Assim que a anfitriã, satisfeita, desviou a sua atenção para outro convidado, Peri pegou no copo de vinho. Estava a beber mais do que era habitual, nessa noite, embora ninguém parecesse reparar, muito menos ela própria. Surgira uma brecha na barragem que ela erigira, ao longo dos anos, para estancar o fluxo de emoções indesejadas para dentro do seu coração. Agora, através dessa pequeníssima ranhura, infiltrava-se um fiozinho de melancolia. Entretanto, outra parte de si, ciente do perigo e da destruição que isso poderia causar, estava em alerta máximo, tentando freneticamente vedar a abertura, para que tudo pudesse voltar ao normal.
— Pensei que esta noite íamos ter cá um médium — disse a namorada do jornalista, numa voz rouca de fumadora. Toda a gente sabia que ela andava atormentada com os boatos, recentemente publicados num jornal online, de que o jornalista tinha sido visto num jantar romântico com a ex-mulher e que o casal estaria à beira de reatar a sua relação.
— Ele devia ter chegado há uma hora — explicou o homem de negócios. — Parece que o coitado ficou preso no trânsito.

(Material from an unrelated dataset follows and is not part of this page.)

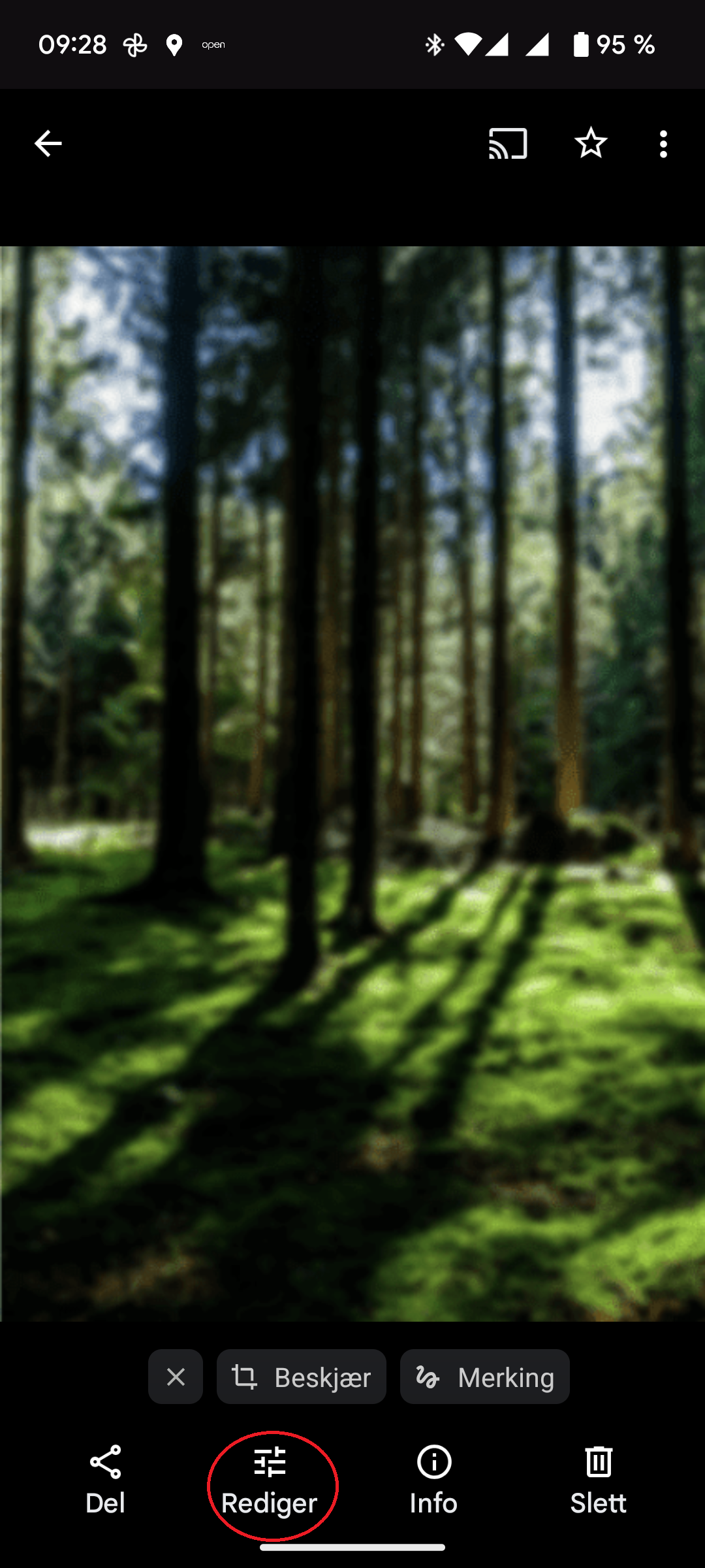Når du ser på et bilde i appen Google Foto har du noen muligheter til å forbedre bildet. Se de ulike valgene nederst. Velg Rediger.

— Ah, nem os médiuns sabem como evitar os engarrafamentos em Istambul — brincou o gestor americano.
— Verá, meu amigo, que este tipo é do melhor que há — disse o homem de negócios, metade em inglês, metade em turco. — Dizem que previu a crise financeira.
— Talvez todos nós devêssemos consultar médiuns, uma vez que os especialistas políticos não valem nada e os especialistas financeiros são ainda piores — comentou a relações públicas.
Impulsivamente, Peri pediu licença para sair da mesa.
— Oh, não, estamos a entediá-la outra vez? — disse o arquiteto, de copo na mão e olhos turvos. Sendo dado a amuos por motivos mesquinhos, não a perdoara por o ter confrontado.
Peri fitou-o.
— Vou só telefonar para casa, para saber dos miúdos.
— Com certeza — disse o homem de negócios. — Porque é que não vai lá acima e liga do meu escritório? Terá paz e sossego.
Pedindo ao marido para lhe emprestar o telemóvel, Peri dirigiu-se para o primeiro piso, escutando até lá acima as vozes à mesa do jantar.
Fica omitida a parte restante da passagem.